* DATASET CONTENT *
-*-

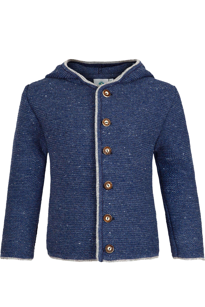 Diese trendige jeansblaue Trachten-Jacke der Firma Isar Trachten ist perfekt für kleine Trachtenfans. Hier trift Tradition auf Innovation. Die Kapuze verleiht der Jacke ihren coolen Look. Die linksgestrickte jeansblau-grau melierte Jacke ist mit einerm hellgrauen glattgestrickten Abschlußrand aufgepeppt.Ein Kleidungsstück das bei keinem kleinen Trachtler fehlen darf. Ob zur Lederhose oder zur Jeans, damit ist man immer gut angezogen.
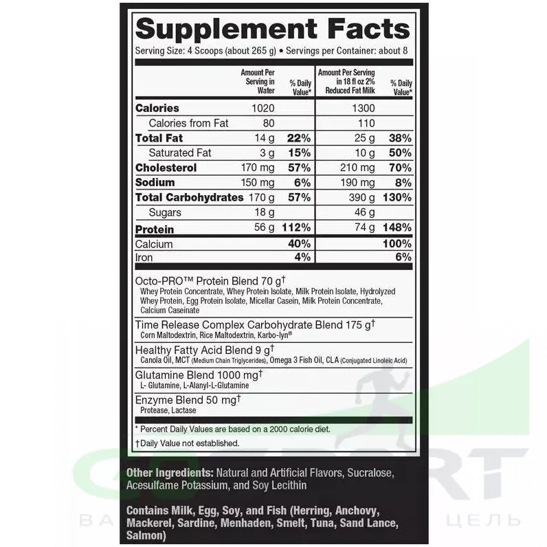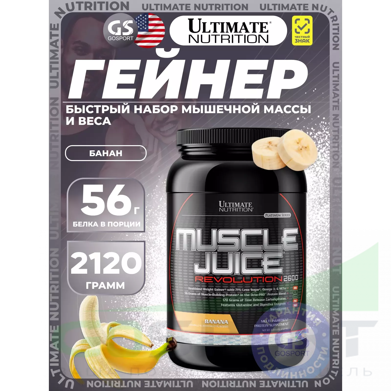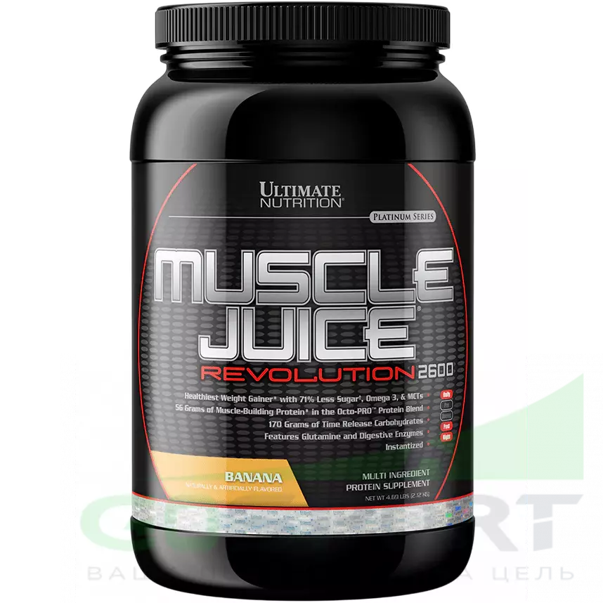 Muscle Juice Revolution – это новый продукт от компании Ultimate Nutrition в категории питания для набора массы. Эго отличие от других продуктов заключается в содержании 56 граммов белка (из расчета на одну порцию) в уникальной Octo-PRO™ протеиновой смеси. Приставка «Octo» говорит о содержании в данной смеси 8ми!!! различных протеинов, включая: концентрат сывороточного белка, изолят сывороточного белка, изолят молочного белка, гидролизат сывороточного белка, изолят яичного белка, мицеллярный казеин, концентрат молочного белка, казеинат кальция. Кроме того, для сведения к минимуму риска вздутия живота в процессе переваривания углеводов в Muscle Juice Revolution 2600 добавлено 175 грамм долго-усваиваемых углеводов. На этом новшества в данном продукте не заканчиваются: в формулу Muscle Juice Revolution 2600 вместо обычного глютамина входит 1000 мг глютаминовой смеси с добавлением L-аланил-L-глютамин – мощного дипептида, способного защитить от катаболизма мышечных тканей, а также снабдить ваши мышцы необходимым топливом в периоды продолжительных тренировок. Принимая по две порции в течения дня, ваш организм получает более 2600 калорий и более 146 граммов белка, приближая вас к заветной цели по набору массы.
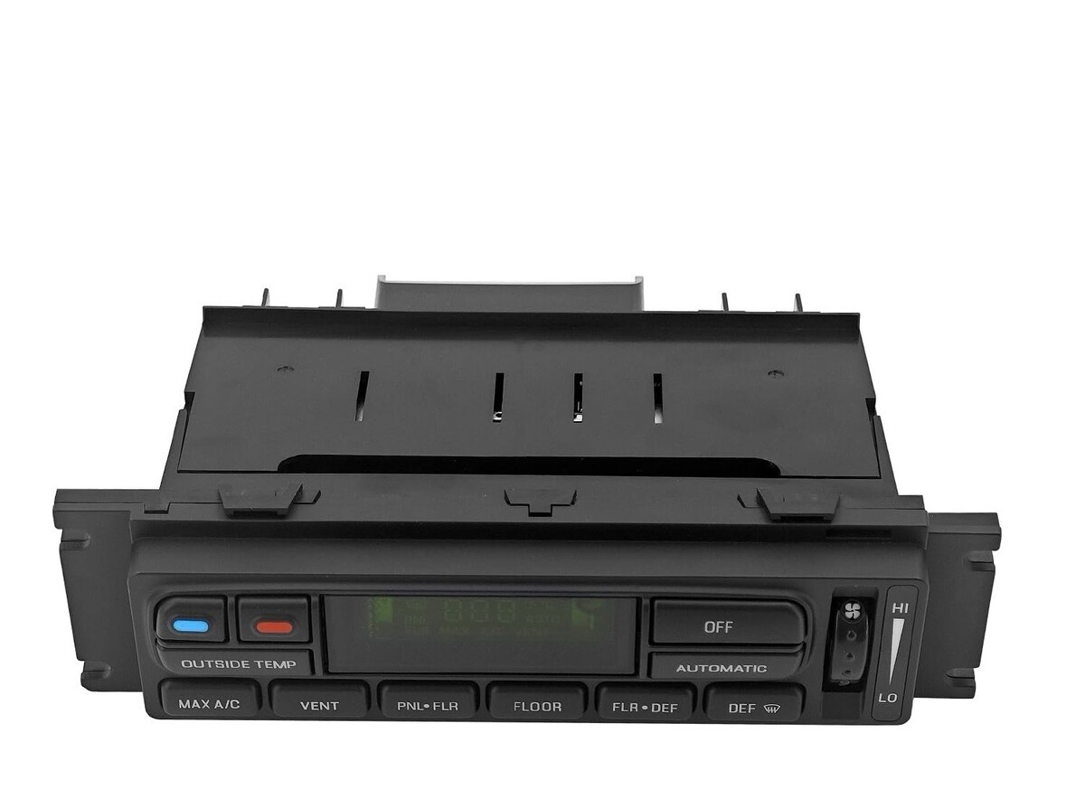 Replacement HVAC heater and climate control module for 1997?2003 Ford F-150 equipped with automatic temperature control. This unit is a direct replacement for the factory module and restores full control of A/C, heat, vent modes, defrost, and outside temperature display.

-*-

* EXERCISE DESCRIPTION *
Set down each line of the material exactly and skip every image.

* RESPONSE TO THIS TASK *
 Diese trendige jeansblaue Trachten-Jacke der Firma Isar Trachten ist perfekt für kleine Trachtenfans. Hier trift Tradition auf Innovation. Die Kapuze verleiht der Jacke ihren coolen Look. Die linksgestrickte jeansblau-grau melierte Jacke ist mit einerm hellgrauen glattgestrickten Abschlußrand aufgepeppt.Ein Kleidungsstück das bei keinem kleinen Trachtler fehlen darf. Ob zur Lederhose oder zur Jeans, damit ist man immer gut angezogen.
 Muscle Juice Revolution – это новый продукт от компании Ultimate Nutrition в категории питания для набора массы. Эго отличие от других продуктов заключается в содержании 56 граммов белка (из расчета на одну порцию) в уникальной Octo-PRO™ протеиновой смеси. Приставка «Octo» говорит о содержании в данной смеси 8ми!!! различных протеинов, включая: концентрат сывороточного белка, изолят сывороточного белка, изолят молочного белка, гидролизат сывороточного белка, изолят яичного белка, мицеллярный казеин, концентрат молочного белка, казеинат кальция. Кроме того, для сведения к минимуму риска вздутия живота в процессе переваривания углеводов в Muscle Juice Revolution 2600 добавлено 175 грамм долго-усваиваемых углеводов. На этом новшества в данном продукте не заканчиваются: в формулу Muscle Juice Revolution 2600 вместо обычного глютамина входит 1000 мг глютаминовой смеси с добавлением L-аланил-L-глютамин – мощного дипептида, способного защитить от катаболизма мышечных тканей, а также снабдить ваши мышцы необходимым топливом в периоды продолжительных тренировок. Принимая по две порции в течения дня, ваш организм получает более 2600 калорий и более 146 граммов белка, приближая вас к заветной цели по набору массы.
 Replacement HVAC heater and climate control module for 1997?2003 Ford F-150 equipped with automatic temperature control. This unit is a direct replacement for the factory module and restores full control of A/C, heat, vent modes, defrost, and outside temperature display.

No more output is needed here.